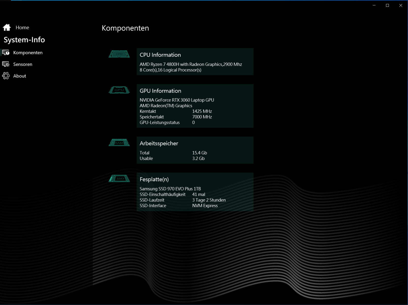 | Schenker XMG Core 15 Ampere R7 4800H, GeForce RTX 3060 Laptop GPU, 62 Wh | Asus TUF Dash F15 FX516PR i7-11370H, GeForce RTX 3070 Laptop GPU, 76 Wh | Aorus 15G XC i7-10870H, GeForce RTX 3070 Laptop GPU, 99 Wh | HP Omen 15-en0375ng R7 4800H, GeForce RTX 2060 Mobile, 70.9 Wh | Acer Predator Triton 300 PT315-52-79LP i7-10750H, GeForce RTX 2060 Mobile, 58.7 Wh | Schenker XMG Core 15 GK5NR0O R7 4800H, GeForce RTX 2060 Mobile, 62 Wh | Gemiddelde van klas Gaming | |
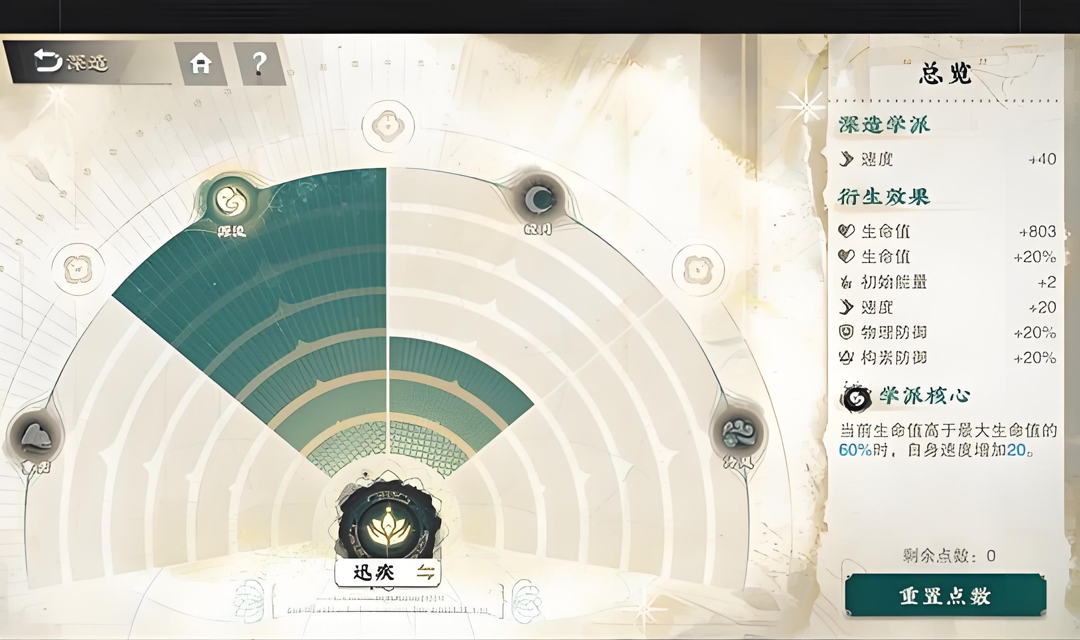 3、深造优先迅疾,配置0730或0640可获速度生命值等加成,学派核心还能额外提升速度,固防可选但非首要推荐方向。
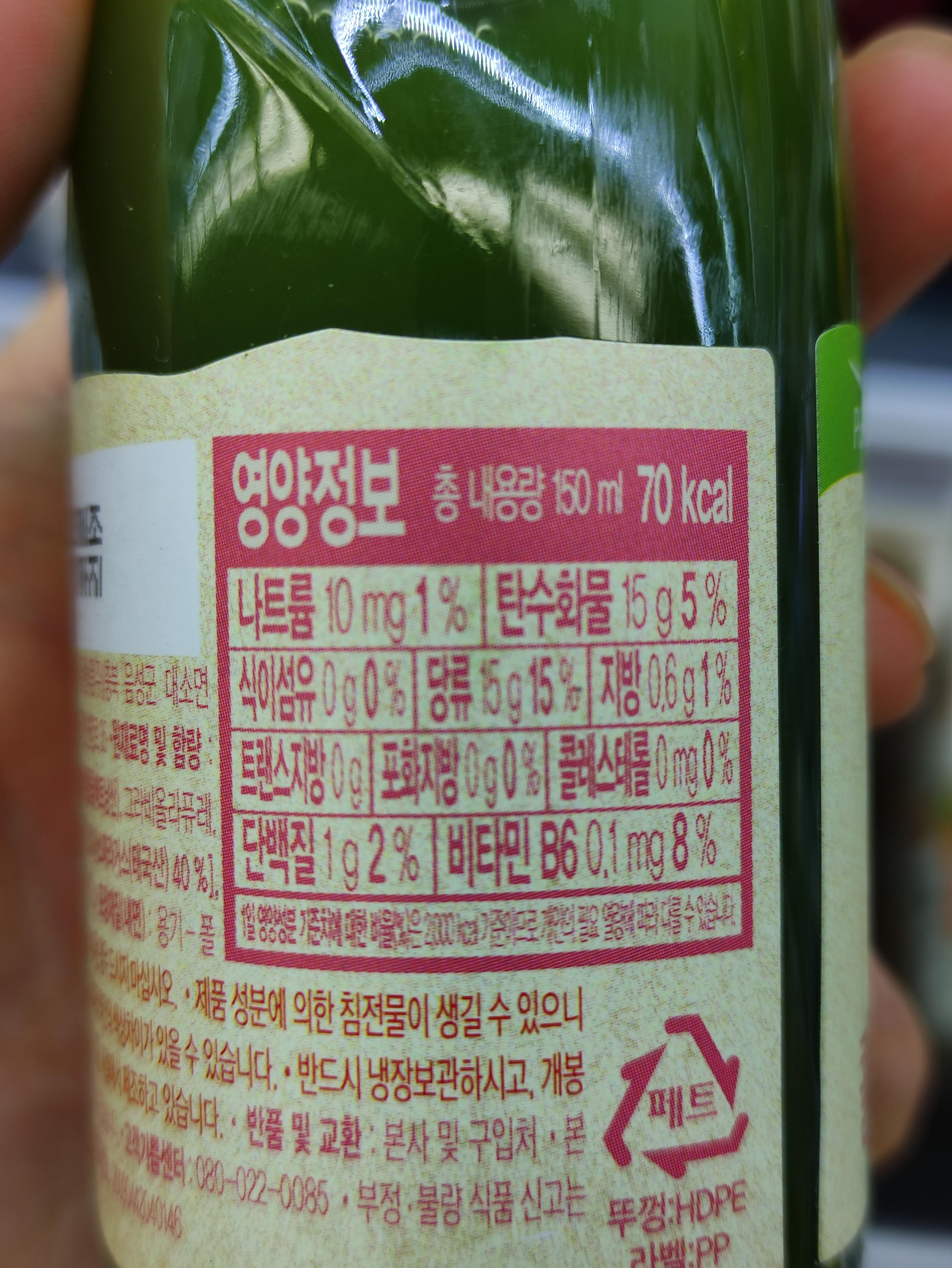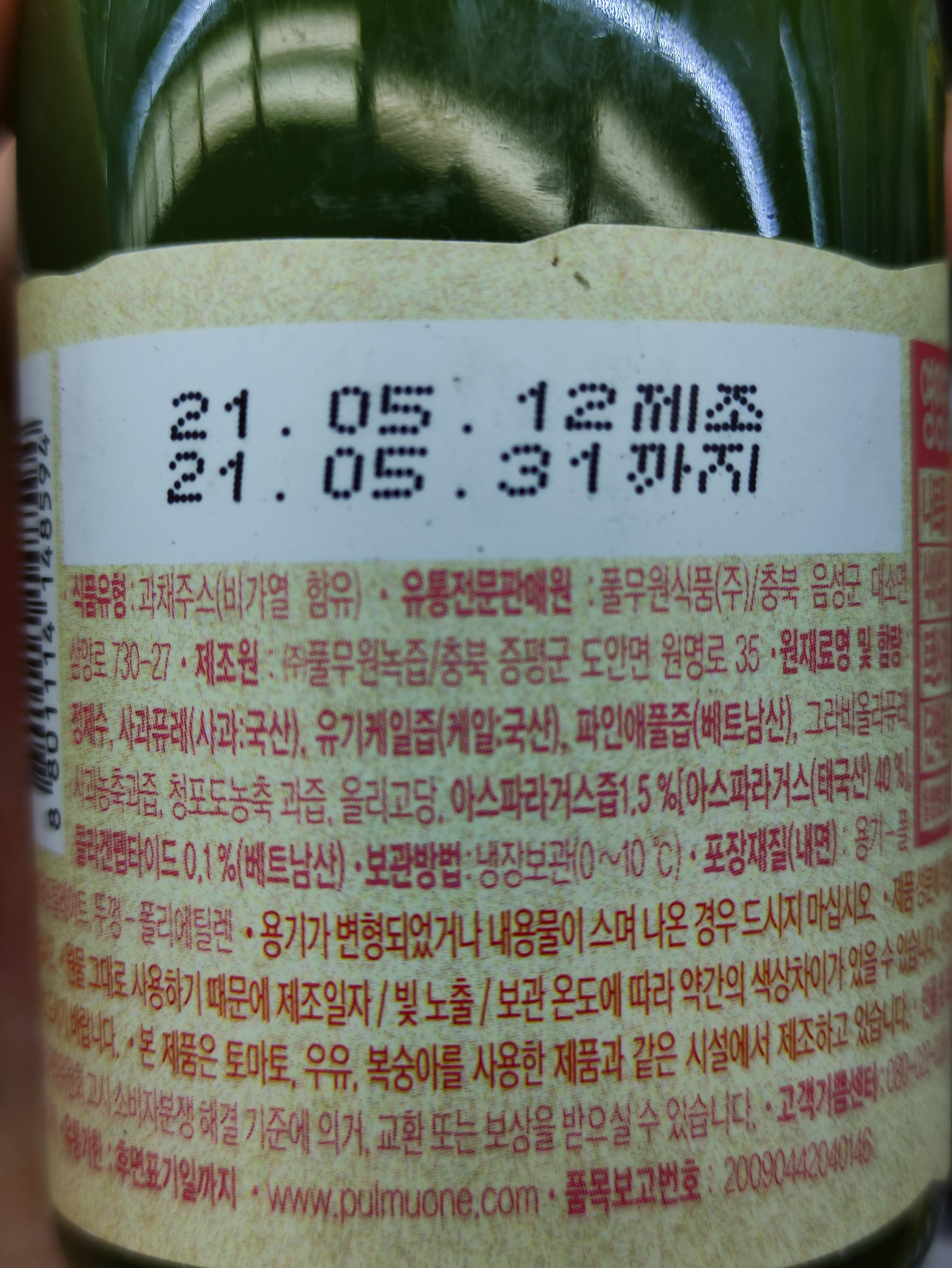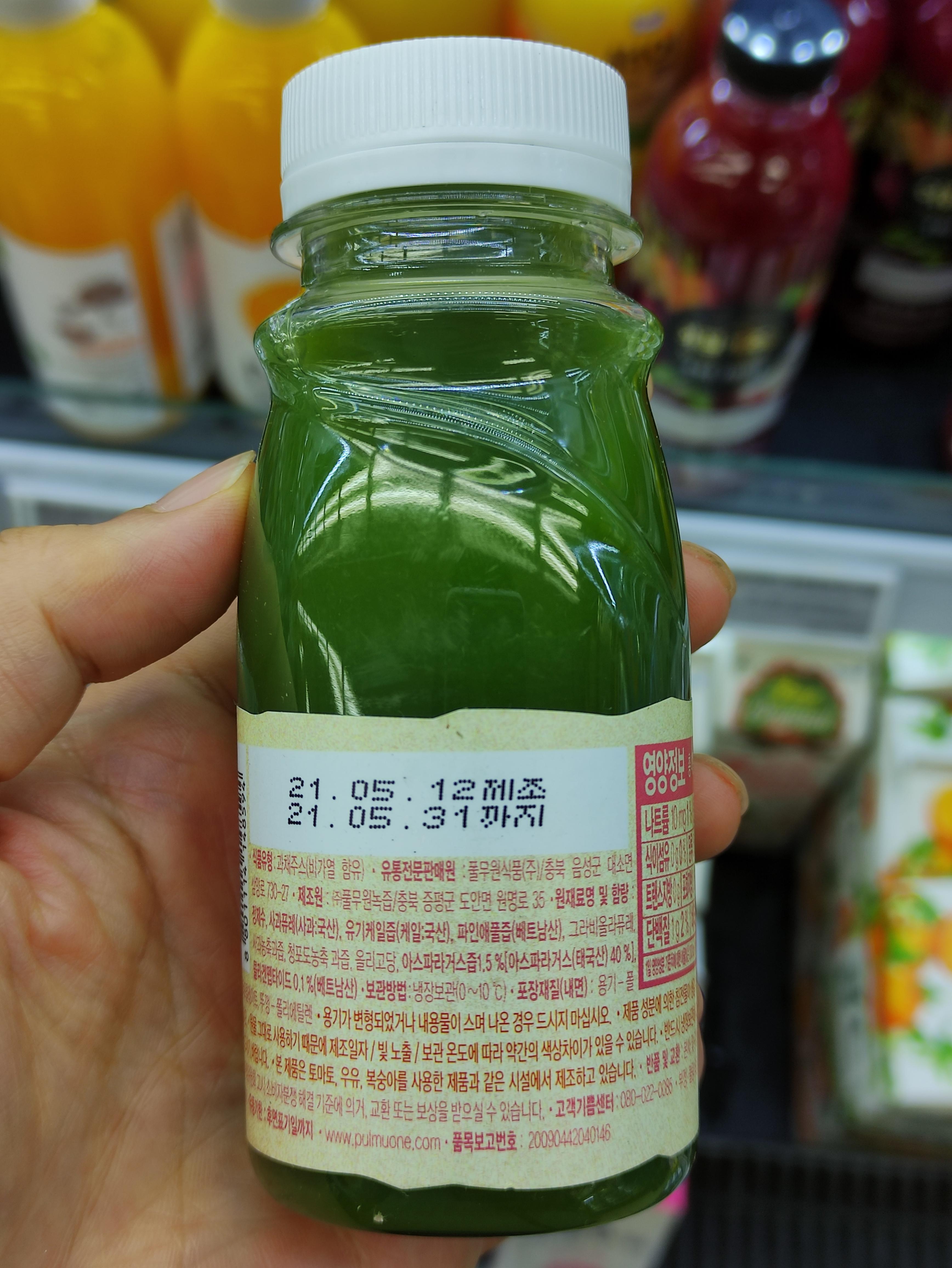 원재료는 정제수 사과퓨레 유기케일즙 파인애플즙 아스파라거스즙 등이 들어갑니가. 제조원은 충북증평군에 풀무원녹즙이에요.
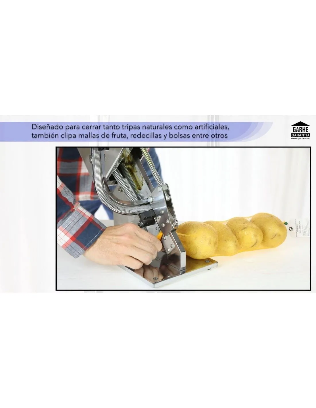 Diseñada para cerrar tanto tripas naturales como artificiales, también clipa mallas de fruta. redecillas y bolsas entre otros.
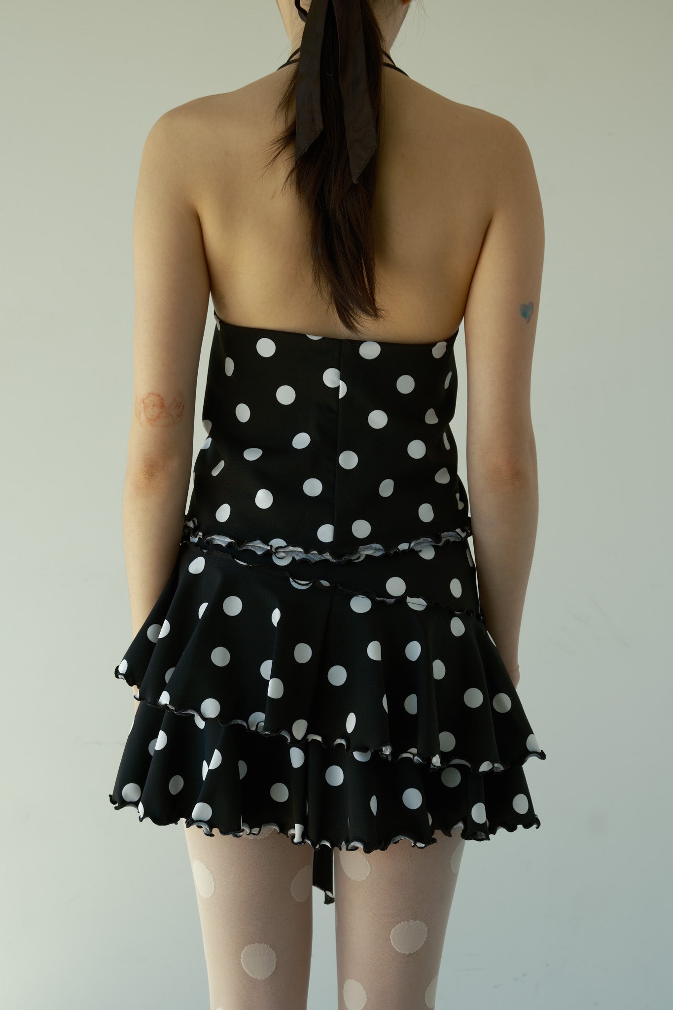 Pullover halter top with a cutout twist front and adjustable tie closure at the back neck. Made from deadstock spandex, this style is fully lined and finished with a delicate lettuce edge. Wash cold with like colors; line dry.
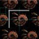 Une image fractale multicolore (rouge, jaune et orange) en spirale, ressemblant à un oiseau ou à un dragon plumé, sur un arrière - plan sombre.
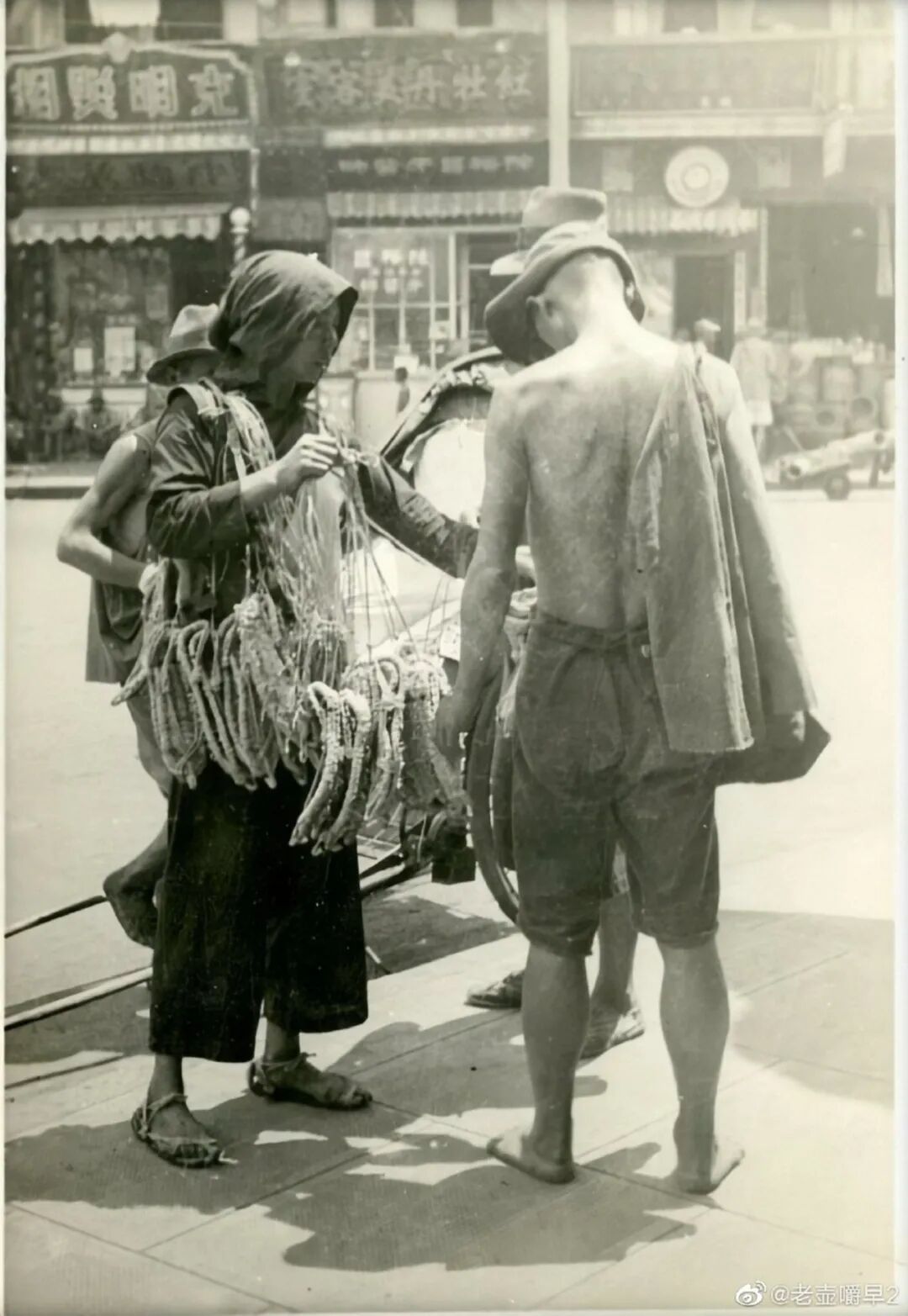 图460为武定路淮安路丁字路口东望,路口一草鞋小贩正在向一光脚黄包车夫兜售草鞋。淮安路东侧街面有克明照相馆(淮安路70号)、红牡丹美容室(68号)等商铺。冠以“牡丹”名的理发室有多家,其中名气较有的是1929年开业的西藏路新世界北楼隔壁之白牡丹理发公司,还有一家红牡丹理发厅开在北四川路1513号邢家桥口。

Task requirements:
Each entry is to be written out again word for word, and any pictures are to be omitted.

Response box:
 | Schenker XMG Core 15 Ampere R7 4800H, GeForce RTX 3060 Laptop GPU, 62 Wh | Asus TUF Dash F15 FX516PR i7-11370H, GeForce RTX 3070 Laptop GPU, 76 Wh | Aorus 15G XC i7-10870H, GeForce RTX 3070 Laptop GPU, 99 Wh | HP Omen 15-en0375ng R7 4800H, GeForce RTX 2060 Mobile, 70.9 Wh | Acer Predator Triton 300 PT315-52-79LP i7-10750H, GeForce RTX 2060 Mobile, 58.7 Wh | Schenker XMG Core 15 GK5NR0O R7 4800H, GeForce RTX 2060 Mobile, 62 Wh | Gemiddelde van klas Gaming | |
 3、深造优先迅疾,配置0730或0640可获速度生命值等加成,学派核心还能额外提升速度,固防可选但非首要推荐方向。
 원재료는 정제수 사과퓨레 유기케일즙 파인애플즙 아스파라거스즙 등이 들어갑니가. 제조원은 충북증평군에 풀무원녹즙이에요.
 Diseñada para cerrar tanto tripas naturales como artificiales, también clipa mallas de fruta. redecillas y bolsas entre otros.
 Pullover halter top with a cutout twist front and adjustable tie closure at the back neck. Made from deadstock spandex, this style is fully lined and finished with a delicate lettuce edge. Wash cold with like colors; line dry.
 Une image fractale multicolore (rouge, jaune et orange) en spirale, ressemblant à un oiseau ou à un dragon plumé, sur un arrière - plan sombre.
 图460为武定路淮安路丁字路口东望,路口一草鞋小贩正在向一光脚黄包车夫兜售草鞋。淮安路东侧街面有克明照相馆(淮安路70号)、红牡丹美容室(68号)等商铺。冠以“牡丹”名的理发室有多家,其中名气较有的是1929年开业的西藏路新世界北楼隔壁之白牡丹理发公司,还有一家红牡丹理发厅开在北四川路1513号邢家桥口。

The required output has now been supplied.